Plant-based diets become more prominent at WHS


Divya Rajan

WHS food services staff member, Leanne Hough, prepares an assortment of pizzas with separate vegetarian and meat toppings.

Divya Rajan, News Editor

   New ideas and practices circulate around the world, some of them sparking high interest among people to the degree that they become trendy. In recent years, plant-based diets have become more popular and could even be considered a trend. Plant-based diets consist of mostly vegetables, fruits, beans, nuts, and whole grains as the main meal. 

   For numerous reasons people have shifted over to plant-based diets, including WHS students and faculty. People also practice vegetable-based diets across a range from eating a high amount of plants with small portions of meat, to choosing vegan diets, which contain no animal products. In addition to the varying degree of the diet, people practice the diet for a variety of reasons and benefits. 

   “One of the fun things about eating plant-based is that I’ve been introduced to new foods and recipes. I’ve always loved cooking, so becoming plant-based was a fun challenge and inspired me to expand my dietary horizons,”  sophomore Ava Tillman-Schwartz said. “The switch to eating plant-based has also encouraged me to think more about balance and nutrition as I have to make a conscious and deliberate effort to include enough sources of protein and other nutrients in my diet.”

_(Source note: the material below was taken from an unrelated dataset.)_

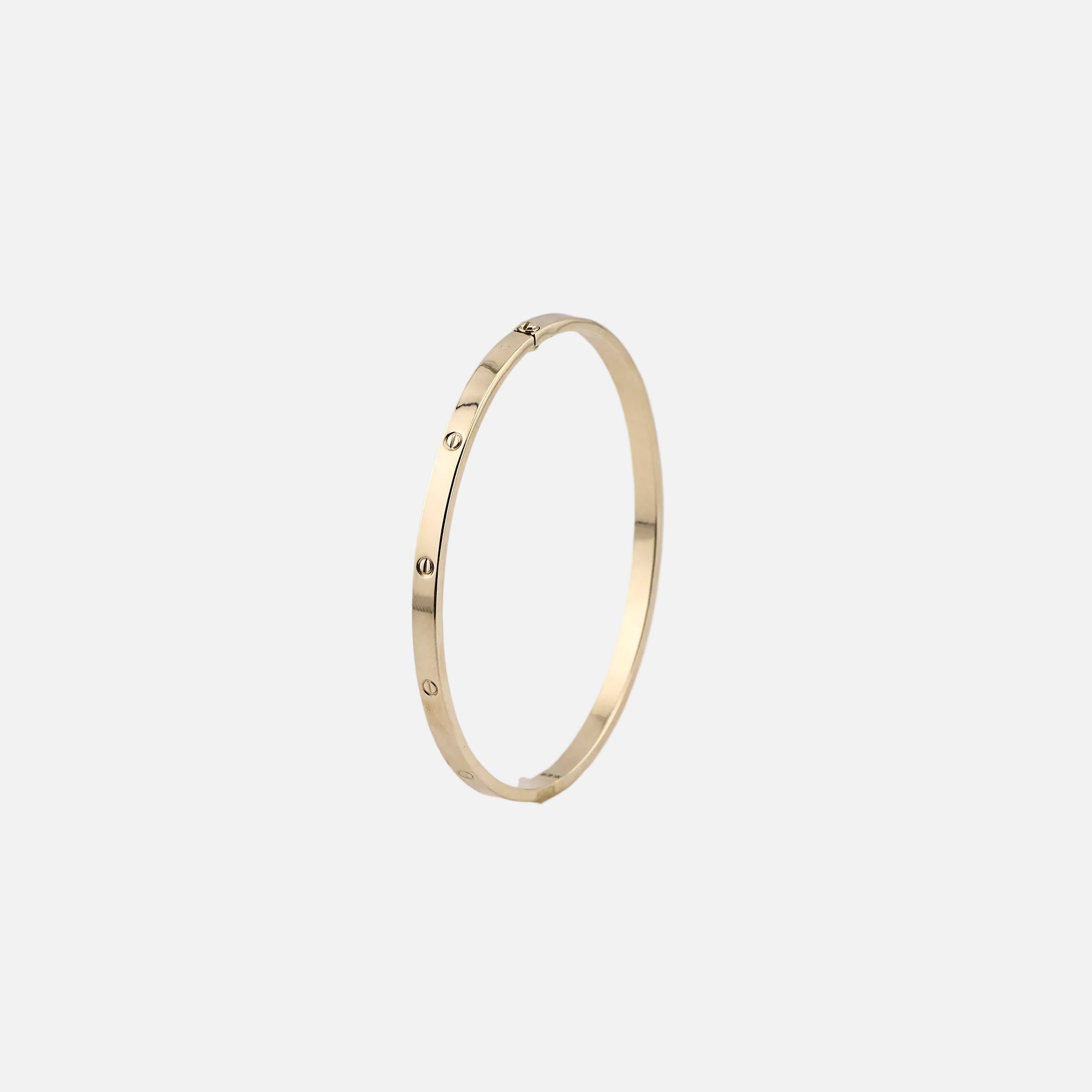Brazalete en oro amarillo de 10K combina elegancia y sofisticación para realzar cualquier look. Su diseño icónico simboliza el amor eterno, mientras que el oro de alta calidad garantiza durabilidad y brillo duradero. Perfecto para quienes buscan una pieza clásica con un toque moderno que destaque en cualquier ocasión.

   The school food services team has worked extensively with students to provide the best possible options for vegetarian students, and has even implemented new vegetarian options in prior years. 

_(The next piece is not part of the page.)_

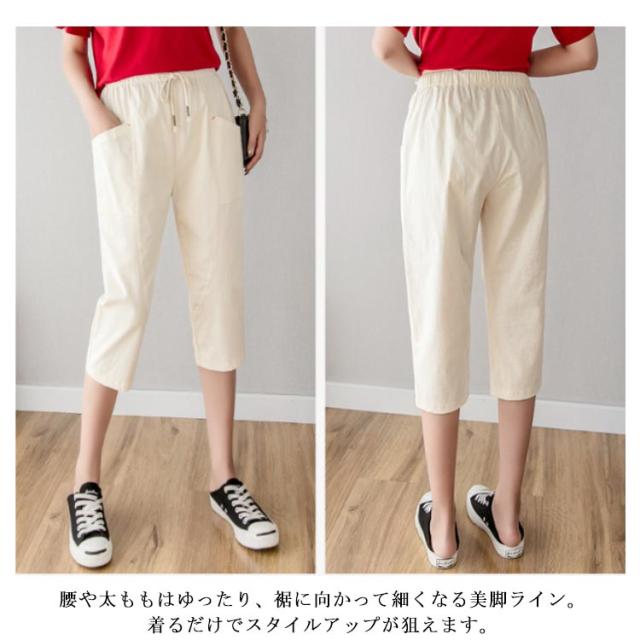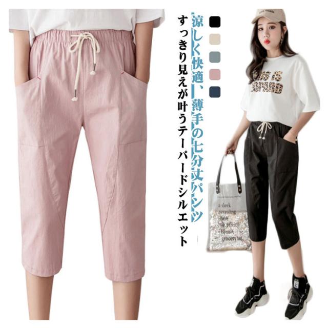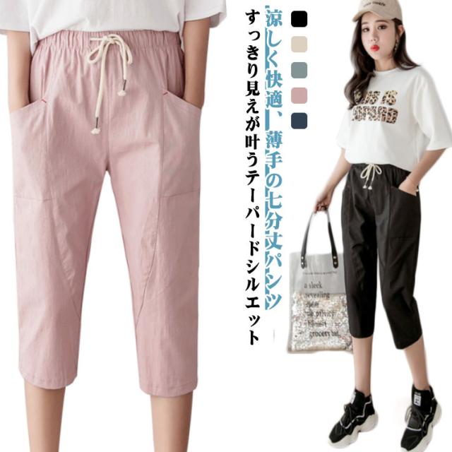 クロップドパンツ スリムパンツ 薄手 春夏 テーパードパンツ サマーパンツ ハイウエスト 大きいサイズ ポケット付き 体型カバー ゆったり レディース テーパードパンツ 無地 通勤 美脚 リラックス カジュアル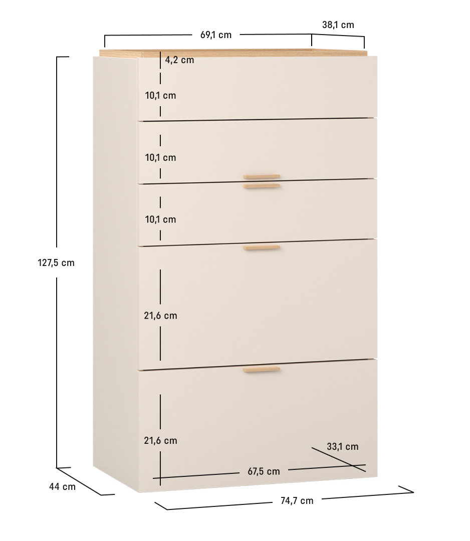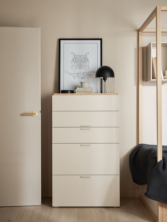 - Komoda ma trzy mniejsze i dwie większe szuflady z systemem cichego domyku. Ich asymetryczny układ ułatwia sortowanie rzeczy. Wysokość płytkich szuflad wynosi 17,6 cm, a głębokich – 34,8 cm.

   “We usually try to have a vegetarian option at the line. We have tried before Covid some of the beyond beef products, but they were not received well,” Howard said. We are always open to ideas from students too. If anyone asks us, we’ll do anything to accommodate,” high school food services manager Wendy Howard said. 

    Students following a plant-based diet have noticed that the lunch options for such diets have changed during the pandemic. 

   “Finding vegetarian lunch options at school was easier pre-Covid, but I’ve found that the choices are now far more minimal,” Tillman-Schwartz said. “While it’s not a huge hassle for me to bring my own lunch, it would be more convenient for the school to provide more vegetarian-friendly lunch options.”

   As many students who follow a plant-derived diet bring their own lunches, the cafeteria has had to find the balance between providing the correct amount of vegetarian food, due to lower demands. 

   “We have found that when we make separate vegetarian options, they don’t really go well. That’s why we don’t do a lot of it, because there’s not that big of a demand,” Howard said. “We were having meetings a couple years ago, pre-Covid, and one of the things we told the students was we’re happy to make these accommodations, but if we do, vegetarians have to show up and purchase them.” 

   In addition to students currently following a plant-based diet, plant-based diets have the potential to benefit all students. 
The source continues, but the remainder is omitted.